Records from a dataset ::
◇ ◇ ◇
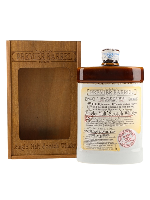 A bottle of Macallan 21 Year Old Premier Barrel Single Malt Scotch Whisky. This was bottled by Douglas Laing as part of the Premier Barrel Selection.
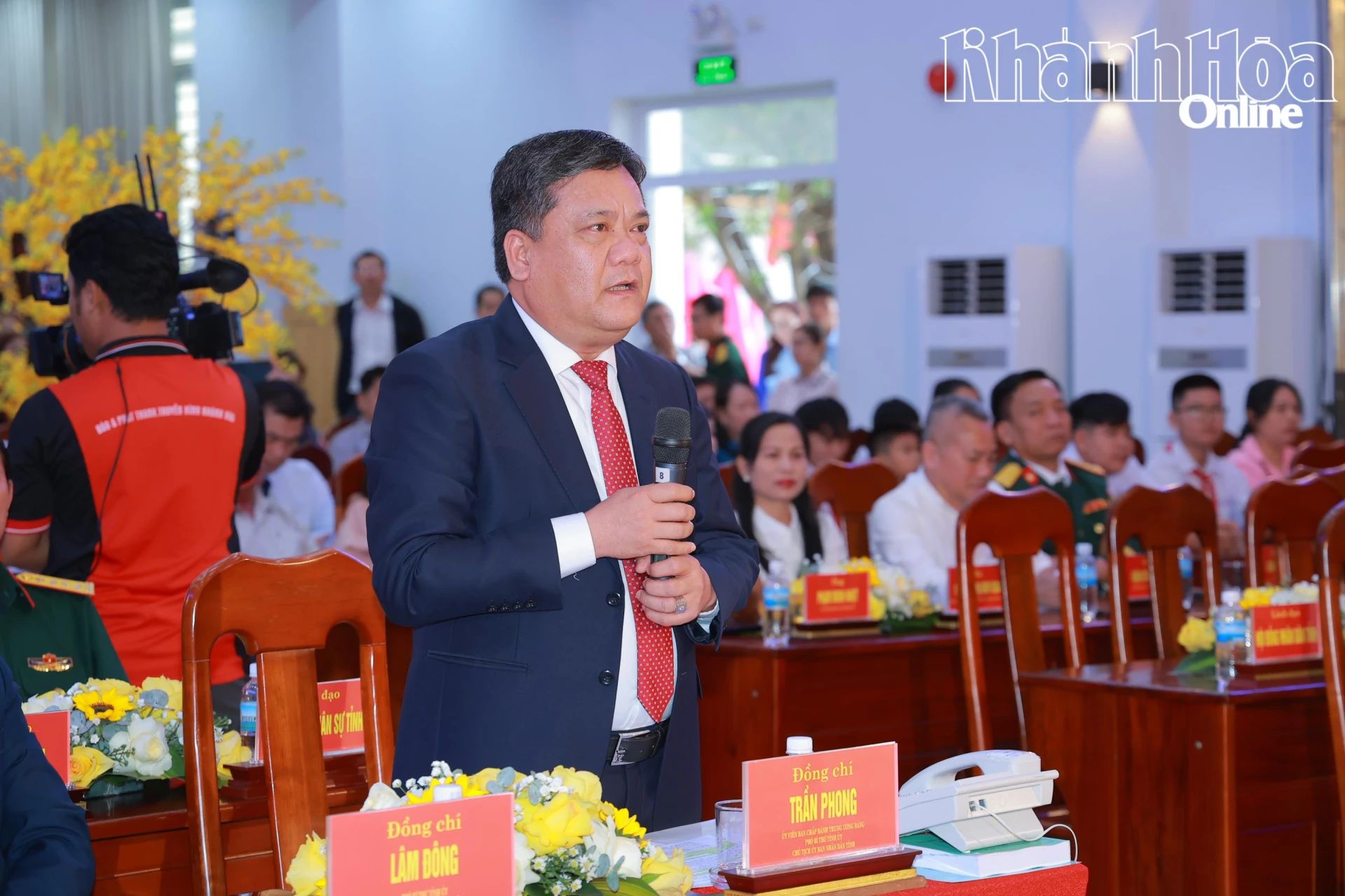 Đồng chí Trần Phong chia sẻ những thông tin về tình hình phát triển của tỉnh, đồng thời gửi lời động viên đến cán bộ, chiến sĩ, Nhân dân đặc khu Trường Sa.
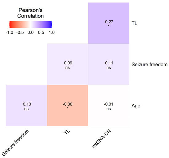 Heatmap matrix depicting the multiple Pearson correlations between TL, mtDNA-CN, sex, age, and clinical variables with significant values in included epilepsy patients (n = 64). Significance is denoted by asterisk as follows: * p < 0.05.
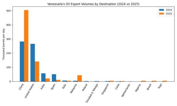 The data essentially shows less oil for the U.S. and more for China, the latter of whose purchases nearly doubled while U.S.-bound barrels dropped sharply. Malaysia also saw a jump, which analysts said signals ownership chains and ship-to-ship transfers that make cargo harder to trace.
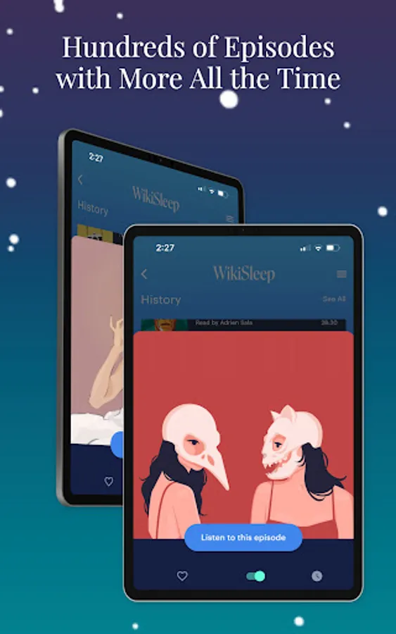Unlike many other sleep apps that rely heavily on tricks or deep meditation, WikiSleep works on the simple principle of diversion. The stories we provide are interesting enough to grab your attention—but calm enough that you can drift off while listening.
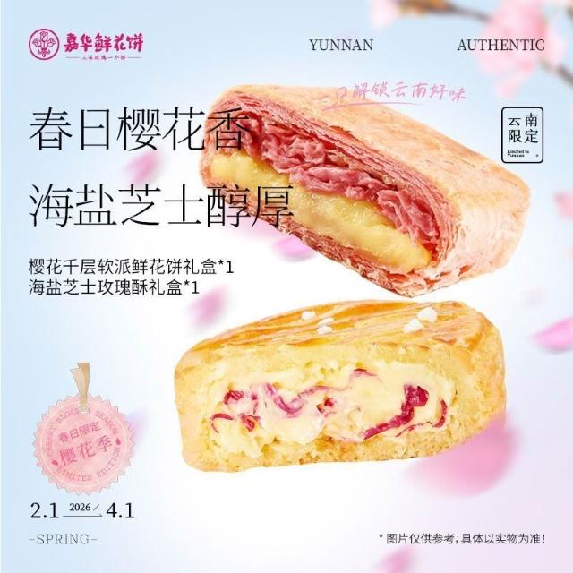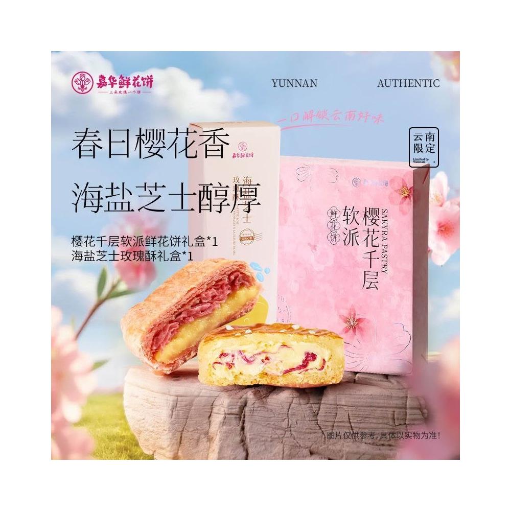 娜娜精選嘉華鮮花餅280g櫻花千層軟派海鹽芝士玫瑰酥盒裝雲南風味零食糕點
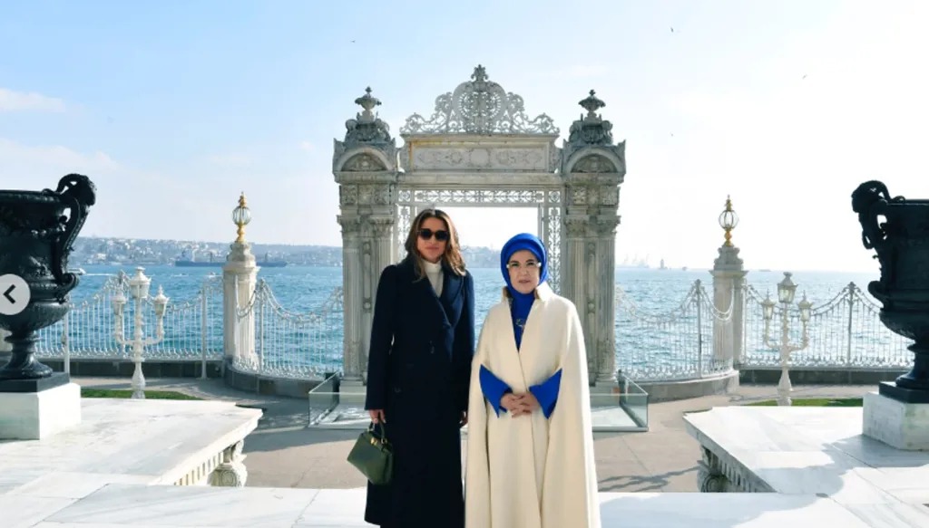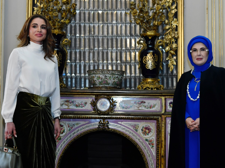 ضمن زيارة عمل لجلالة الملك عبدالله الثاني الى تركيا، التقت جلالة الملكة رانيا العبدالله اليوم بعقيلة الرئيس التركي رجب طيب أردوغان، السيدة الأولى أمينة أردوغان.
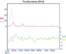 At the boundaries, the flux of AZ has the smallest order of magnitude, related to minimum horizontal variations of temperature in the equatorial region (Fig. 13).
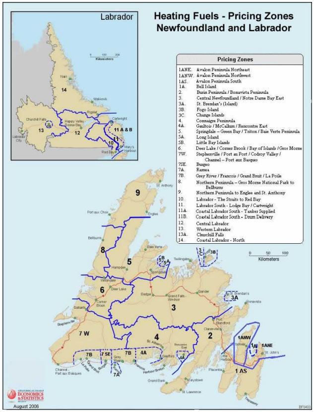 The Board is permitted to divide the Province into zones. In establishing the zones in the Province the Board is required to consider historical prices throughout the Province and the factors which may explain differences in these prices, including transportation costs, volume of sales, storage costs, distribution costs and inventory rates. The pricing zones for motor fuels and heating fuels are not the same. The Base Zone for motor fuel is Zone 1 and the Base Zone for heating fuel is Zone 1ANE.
◇ ◇ ◇
The records are to be retyped in full and exactly, with no image carried over.

 A bottle of Macallan 21 Year Old Premier Barrel Single Malt Scotch Whisky. This was bottled by Douglas Laing as part of the Premier Barrel Selection.
 Đồng chí Trần Phong chia sẻ những thông tin về tình hình phát triển của tỉnh, đồng thời gửi lời động viên đến cán bộ, chiến sĩ, Nhân dân đặc khu Trường Sa.
 Heatmap matrix depicting the multiple Pearson correlations between TL, mtDNA-CN, sex, age, and clinical variables with significant values in included epilepsy patients (n = 64). Significance is denoted by asterisk as follows: * p < 0.05.
 The data essentially shows less oil for the U.S. and more for China, the latter of whose purchases nearly doubled while U.S.-bound barrels dropped sharply. Malaysia also saw a jump, which analysts said signals ownership chains and ship-to-ship transfers that make cargo harder to trace.
Unlike many other sleep apps that rely heavily on tricks or deep meditation, WikiSleep works on the simple principle of diversion. The stories we provide are interesting enough to grab your attention—but calm enough that you can drift off while listening.
 娜娜精選嘉華鮮花餅280g櫻花千層軟派海鹽芝士玫瑰酥盒裝雲南風味零食糕點
 ضمن زيارة عمل لجلالة الملك عبدالله الثاني الى تركيا، التقت جلالة الملكة رانيا العبدالله اليوم بعقيلة الرئيس التركي رجب طيب أردوغان، السيدة الأولى أمينة أردوغان.
 At the boundaries, the flux of AZ has the smallest order of magnitude, related to minimum horizontal variations of temperature in the equatorial region (Fig. 13).
 The Board is permitted to divide the Province into zones. In establishing the zones in the Province the Board is required to consider historical prices throughout the Province and the factors which may explain differences in these prices, including transportation costs, volume of sales, storage costs, distribution costs and inventory rates. The pricing zones for motor fuels and heating fuels are not the same. The Base Zone for motor fuel is Zone 1 and the Base Zone for heating fuel is Zone 1ANE.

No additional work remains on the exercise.